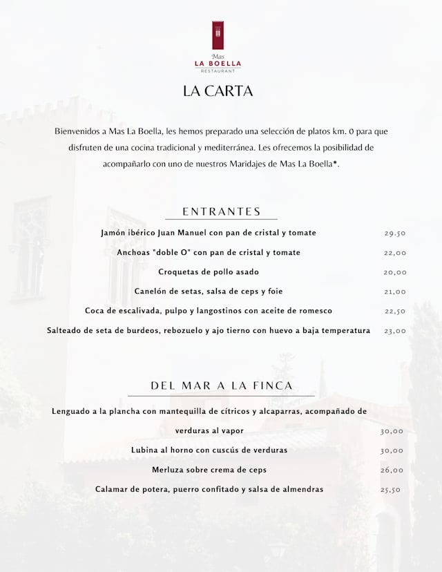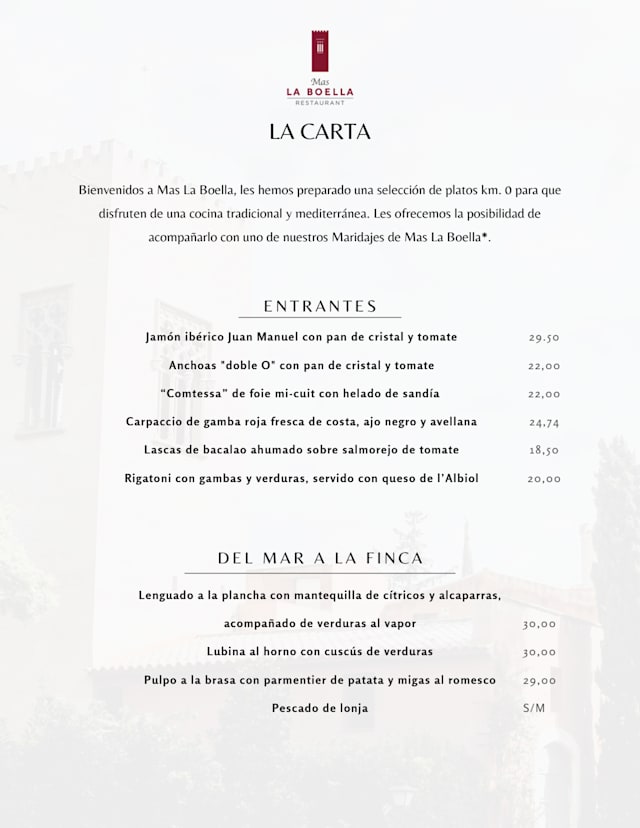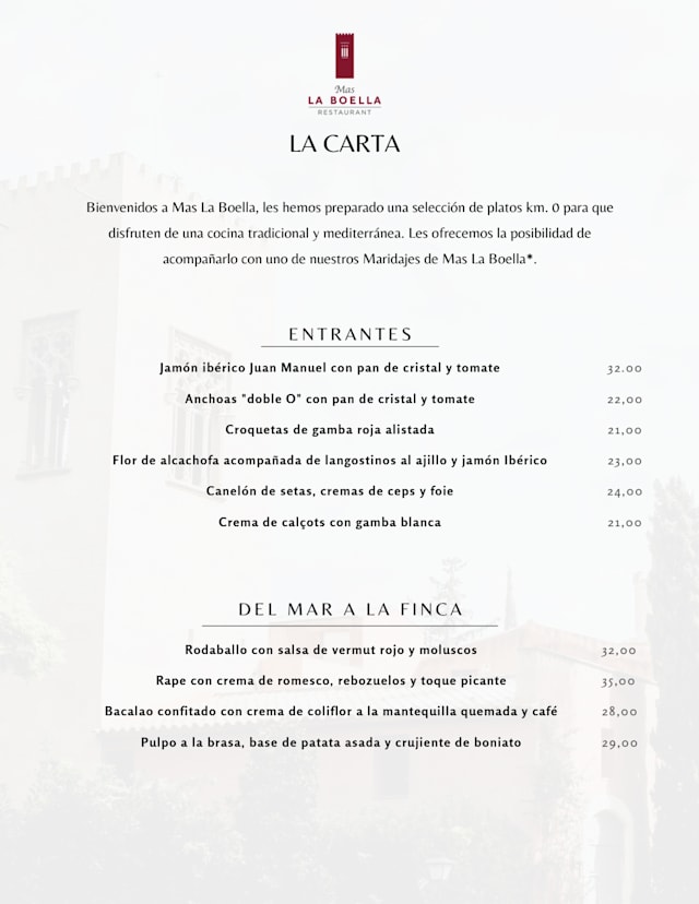 10/10I recently visited Mas La Boella restaurant and was thoroughly impressed by their Mediterranean cuisine. Every dish we tried was exquisitely prepared using fresh, local ingredients. The tasting menu, in particular, showcased culinary masterpieces. The elegant interior and beautiful terrace create a perfect setting for an unforgettable meal. The service was also exceptional, adding to the delightful experience. I highly recommend this restaurant to anyone who appreciates high-quality and delicious food.
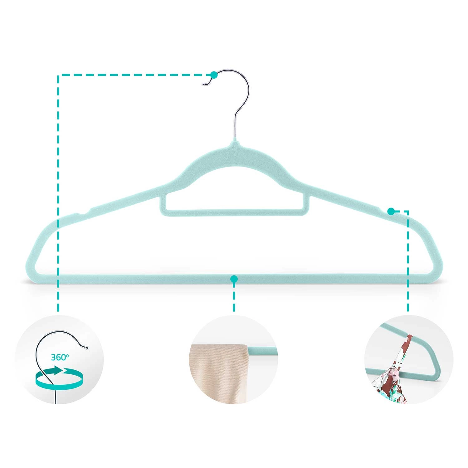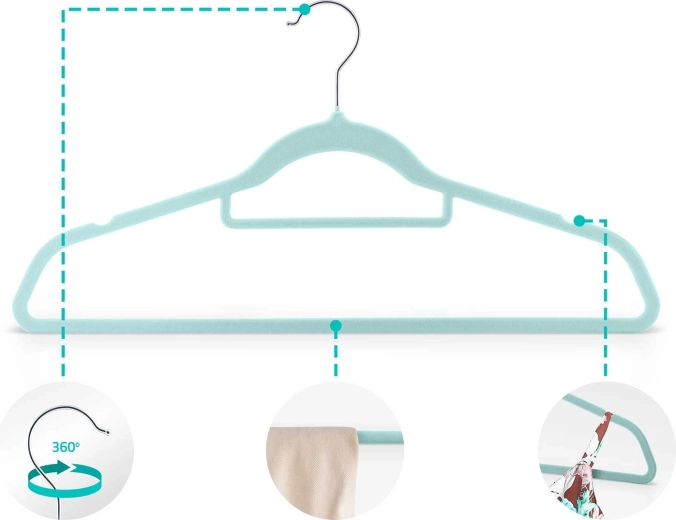 Díky otočnému kovovému háčku snadno třídíte a věšíte oblečení z jakéhokoli směru. Spodní lišta je ideální pro kalhoty, šály nebo šátky a praktické zářezy drží ramínka šatů a topů. Tenké tělo ramínka šetří místo, takže do skříně pohodlně uložíte více oděvů.
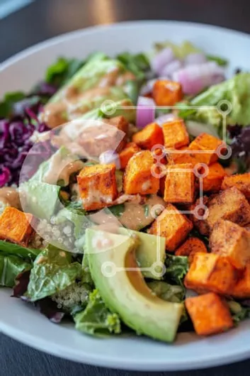 Intra Συλλεκτικό Ξύλινο Παζλ Plywood 4mm - Φρέσκια και πολύχρωμη σαλάτα με ψητές γλυκοπατάτες Σε Ξύλινο Κουτί - Διαστάσεις: 10x10 cm – 25 κομμάτια
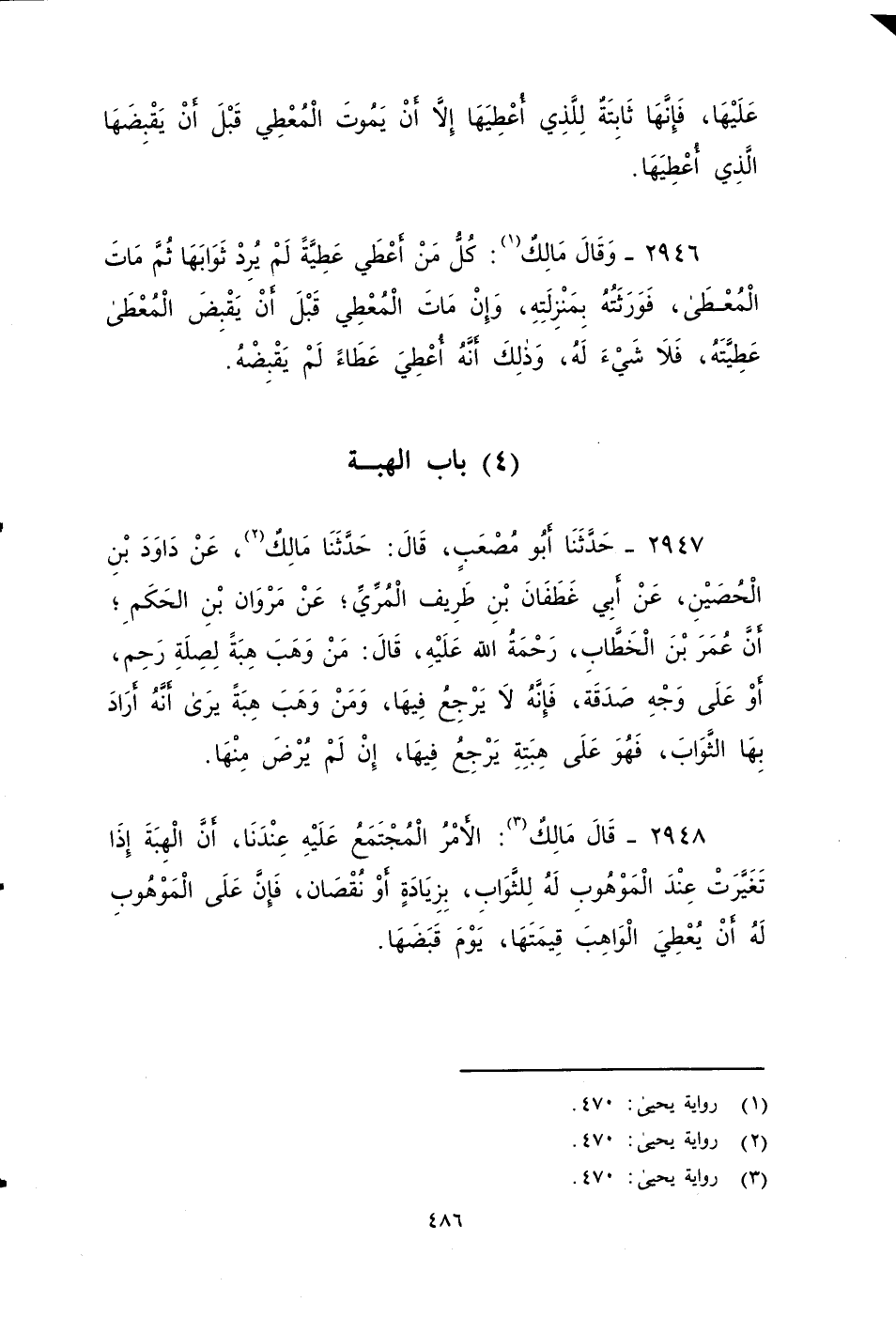 ٢٩٤٥ - قَالَ مَالِكٌ: مَنْ أَعْطَى عَطِيَّةً لَمْ يُرِيدُ ثَوَابَهَا، وَأَشْهَدَ عَلَيْهَا، فَإِنَّهَا ثَابِتَةٌ لِلَّذِي أُعْطِيَهَا , إِلَاّ أَنْ يَمُوتَ الْمُعْطِي قَبْلَ أَنْ يَقْبِضَهَا الَّذِي أُعْطِيَهَا.
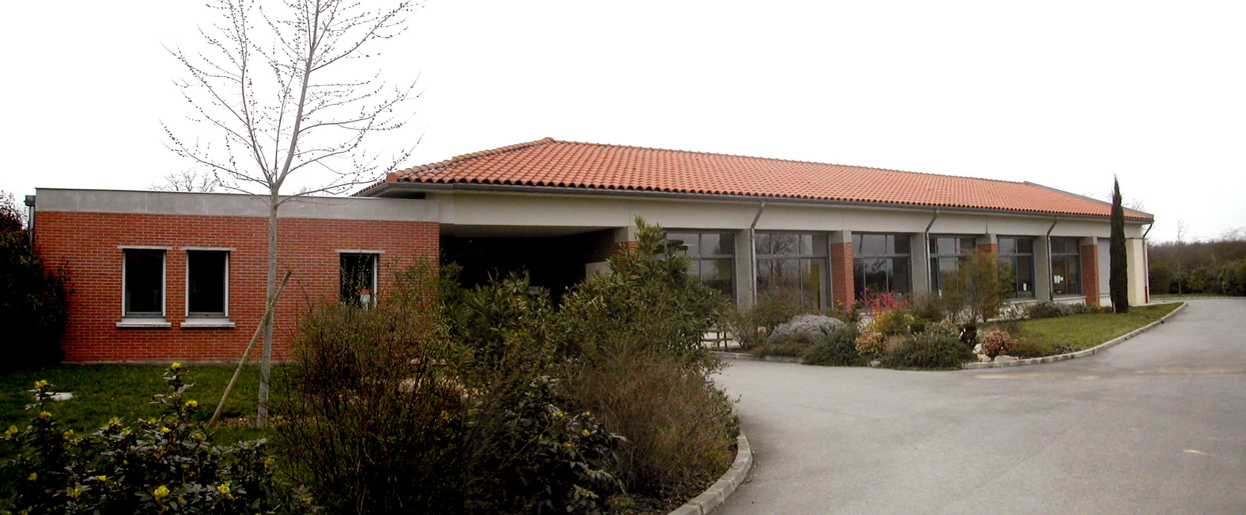 Villaudric ; ÉCOLE ; VOIRIE ; Plante ornementale ; FACADE ; BRIQUE ; enduit ; baie vitrée ; TOITURE ; tuile ; OUVERTURE ; ACIER ; ossature ; MÉTAL
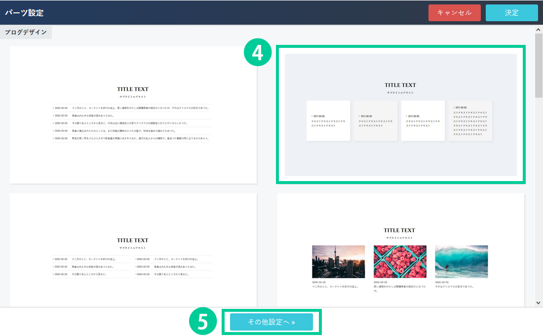「パーツ設定」の画面が開きます。 4.変更したいデザインを選択します。 5.「その他設定へ」ボタンをクリックします。
########
_Prompt_: Any images must be dropped; all other material is to be printed exactly.

_Problem solution_:
 10/10I recently visited Mas La Boella restaurant and was thoroughly impressed by their Mediterranean cuisine. Every dish we tried was exquisitely prepared using fresh, local ingredients. The tasting menu, in particular, showcased culinary masterpieces. The elegant interior and beautiful terrace create a perfect setting for an unforgettable meal. The service was also exceptional, adding to the delightful experience. I highly recommend this restaurant to anyone who appreciates high-quality and delicious food.
 Díky otočnému kovovému háčku snadno třídíte a věšíte oblečení z jakéhokoli směru. Spodní lišta je ideální pro kalhoty, šály nebo šátky a praktické zářezy drží ramínka šatů a topů. Tenké tělo ramínka šetří místo, takže do skříně pohodlně uložíte více oděvů.
 Intra Συλλεκτικό Ξύλινο Παζλ Plywood 4mm - Φρέσκια και πολύχρωμη σαλάτα με ψητές γλυκοπατάτες Σε Ξύλινο Κουτί - Διαστάσεις: 10x10 cm – 25 κομμάτια
 ٢٩٤٥ - قَالَ مَالِكٌ: مَنْ أَعْطَى عَطِيَّةً لَمْ يُرِيدُ ثَوَابَهَا، وَأَشْهَدَ عَلَيْهَا، فَإِنَّهَا ثَابِتَةٌ لِلَّذِي أُعْطِيَهَا , إِلَاّ أَنْ يَمُوتَ الْمُعْطِي قَبْلَ أَنْ يَقْبِضَهَا الَّذِي أُعْطِيَهَا.
 Villaudric ; ÉCOLE ; VOIRIE ; Plante ornementale ; FACADE ; BRIQUE ; enduit ; baie vitrée ; TOITURE ; tuile ; OUVERTURE ; ACIER ; ossature ; MÉTAL
「パーツ設定」の画面が開きます。 4.変更したいデザインを選択します。 5.「その他設定へ」ボタンをクリックします。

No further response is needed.